Ginny shook her head. “I couldn’t see it well enough to make that out. I couldn’t even fully see the face.” She added hastily as Auror Wood frowned at her, “But it was still worth performing the spell, because I _could_ tell that it wasn’t someone trying to run away. It was just someone standing behind the camelopard. Waiting.”

“Waiting?” Wood asked with doubt in his voice, but a moment later he grasped what she meant. “Not running away.”

“Not afraid.”

“It wasn’t worth performing the spell if it hurt you.”

Wood only nodded, but not in response to Luna’s words. Ginny was kind of glad of that, because she didn’t have any idea what to say, either. “That’s something, at any rate. It would suggest that we either have a visitor or witness who somehow knew about the camelopard before it attacked, or someone who came into Lestrange’s house specifically to unleash it.”

“And it’s not likely to be the former.”

“Indeed. I’ll tell you if we need your help again, Weasley. The risks you’ve taken are enough for now.”

Ginny opened her mouth to ask whether they weren’t going to talk to Luna, but then closed it as Wood spun away and began to bark orders at the other Aurors, who scurried like ants in response. Of course, from the things Wood had already said, they’d spoken with her while Ginny was…busy.

No one seemed to be paying attention to her at the moment, and it was rather creepy to remain beside Romula Lestrange’s body.

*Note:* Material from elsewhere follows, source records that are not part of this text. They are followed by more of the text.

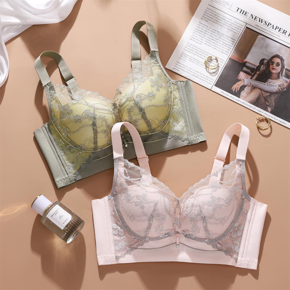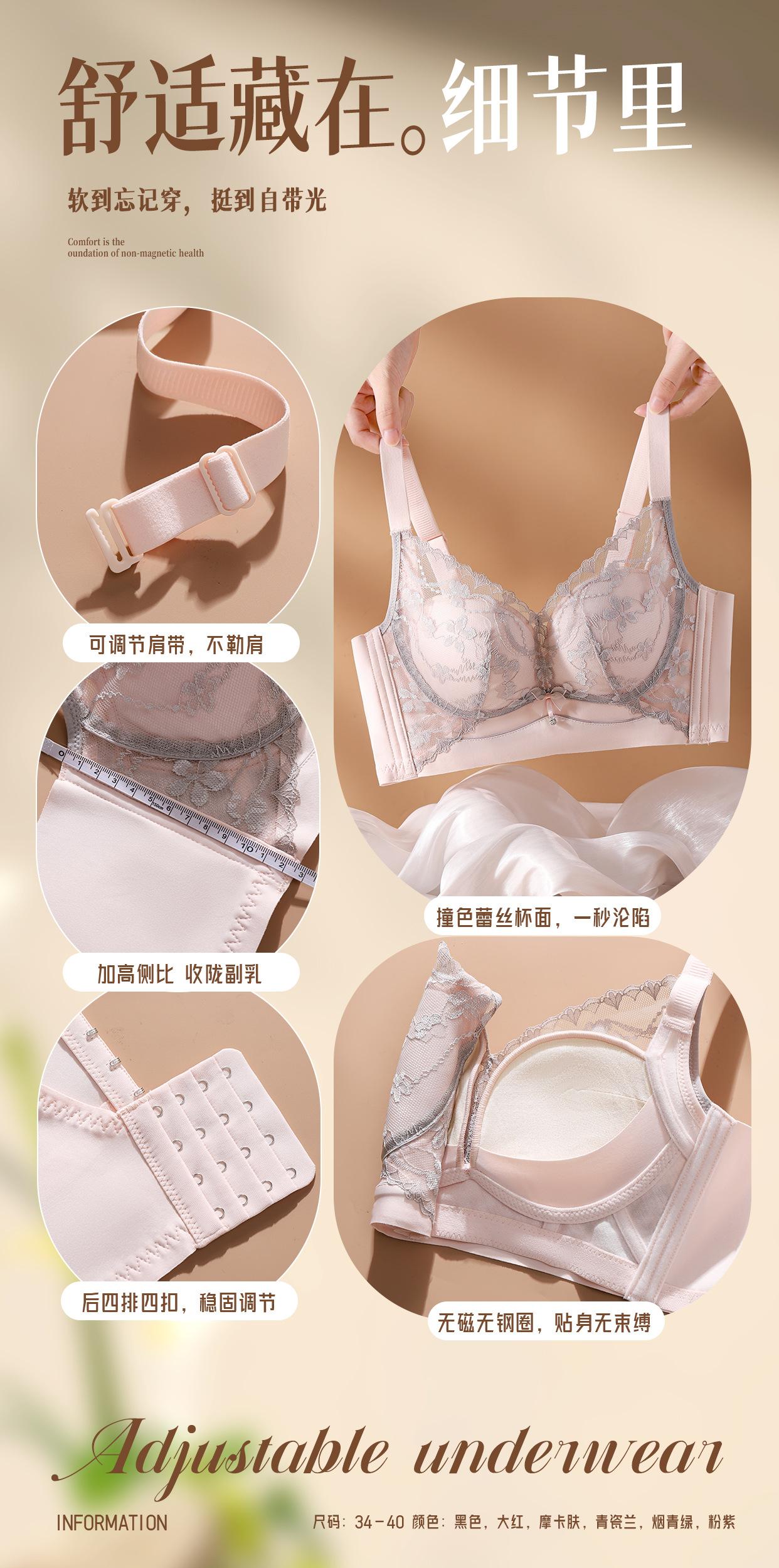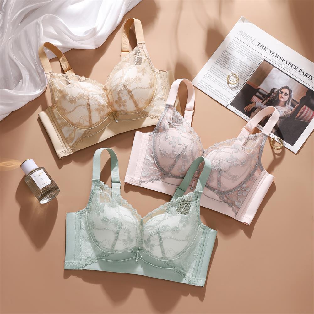 Sujetador Ajustable Recolector Cómodo Sin Varillas Copa Lisa Mediana-Gruesa Ropa Interior Soporte Lateral Encaje Sujetador Sexy
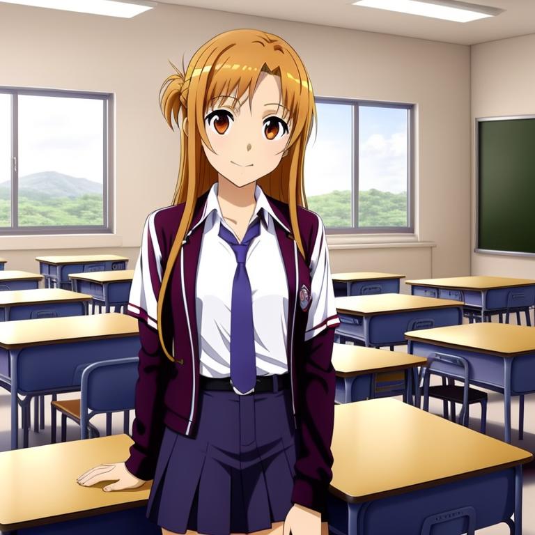 for example: 1girl, yuuki_asuna,solo, wearing school uniform, in the classroom
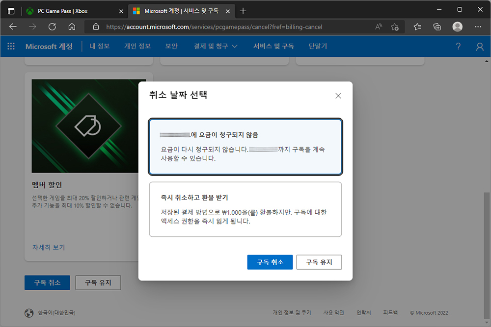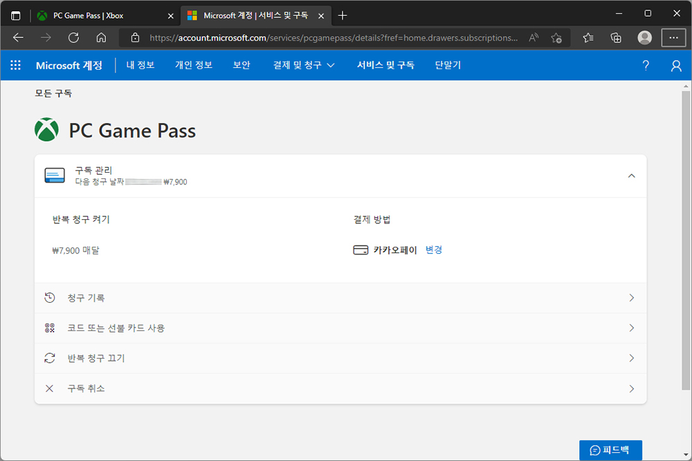 결제가 완료되면 이제는 해지 방법을 확인해 보도록 하겠습니다. 엑스박스 홈페이지의 서비스 및 구독 항목을 확인해 보면 다음 청구 날짜와 가격을 확인할 수 있습니다. 그리고 맨 아래쪽에 구독 취소 관련 메뉴가 준비되어 있습니다.

Ginny started to test her limbs. She was sure she could stand, if—

“Stay still.”

Ginny paused, realizing Luna’s hands still hadn’t moved from the back of her head. “I’m all right now, Luna.”

“You should stay still,” Luna whispered, and then moved around in front of Ginny. Her eyes were so deep and devastated that Ginny reached out a hand. Luna took it and stared at it as if she was about to start palm-reading like Trelawney. “I never knew the spells you invented could hurt you as deeply as that.”

“Well, they don’t always,” Ginny said, thinking of what had happened last year. “Sometimes they hurt other people.”

“Like me.”

Ginny blinked, and felt as if she had too many shadows on her face, too much depth in her lungs. “What do you mean? Did I—did I hit you when I fell?”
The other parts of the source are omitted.